After some time the OSTs do revocer.

How to interpret those messages to get a clue where to look further ?

1) Is the underlying Raid to slow to handle the amount of requests ?
1a) Is the MDS to slow to follow ?
2) Is it related to network issues (network too slow, too busy ??) ?
3) Would this be cured by upgrading to 1.8.x ?

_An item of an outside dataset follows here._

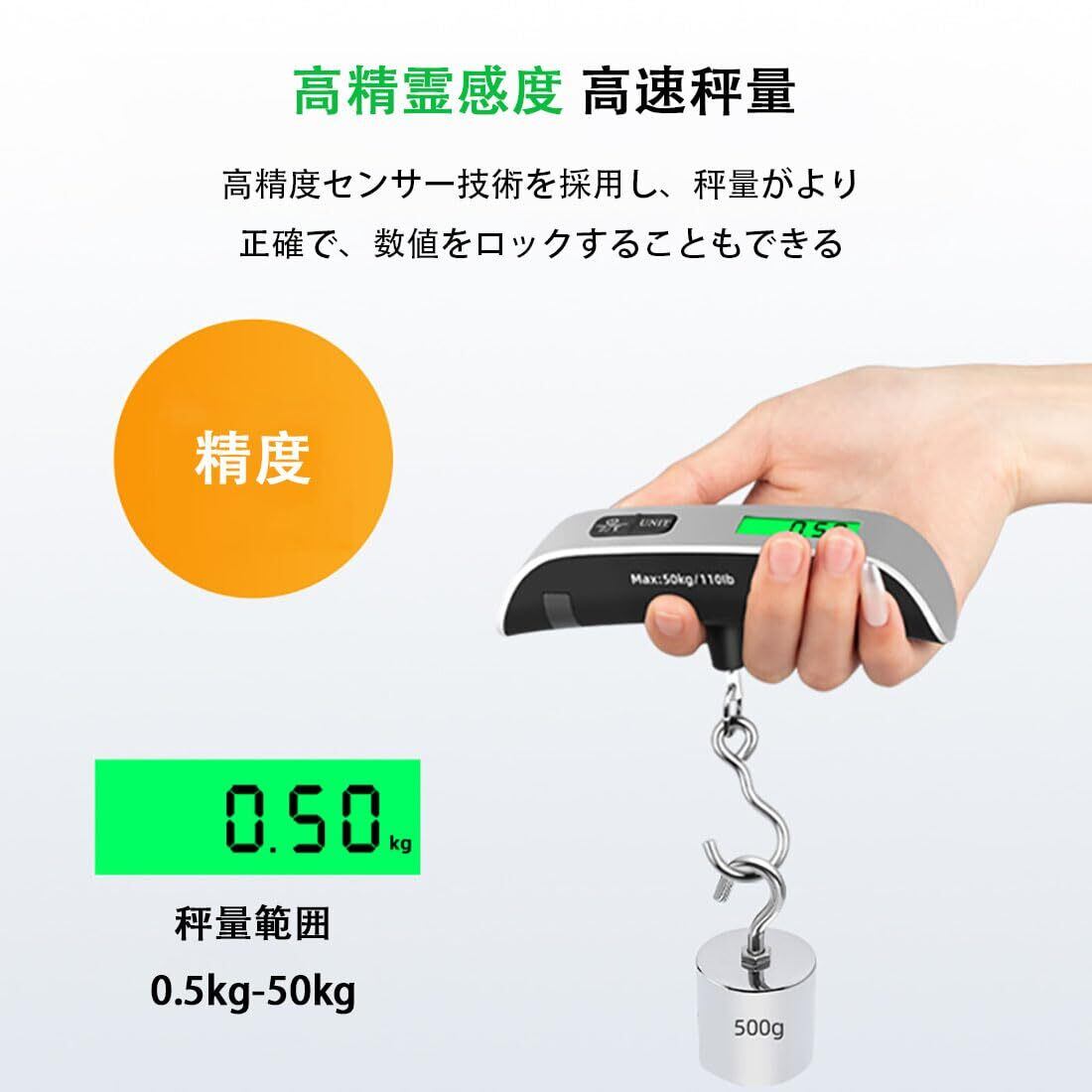 デジタル吊り下げ秤 ハンドヘルド 荷物 旅行はかり 50KG 高精度 人間工学設計 コンパクト 軽量 単位変換 読みやすさ 時間と労力を省く 高い耐久性 買い物 釣り 旅行など対応(1個)

Status -5 looks to us like I/O errors.
~ # grep '5' /usr/include/*/*errno*
/usr/include/asm-generic/errno-base.h:#define EIO 5 /* I/O error */

But together with the 3ware support we are pretty sure to have replaced all snipish disks and data transfer looks ok when not used by lustre (i.e. verifying up to 30-90MB/s/disk throughput).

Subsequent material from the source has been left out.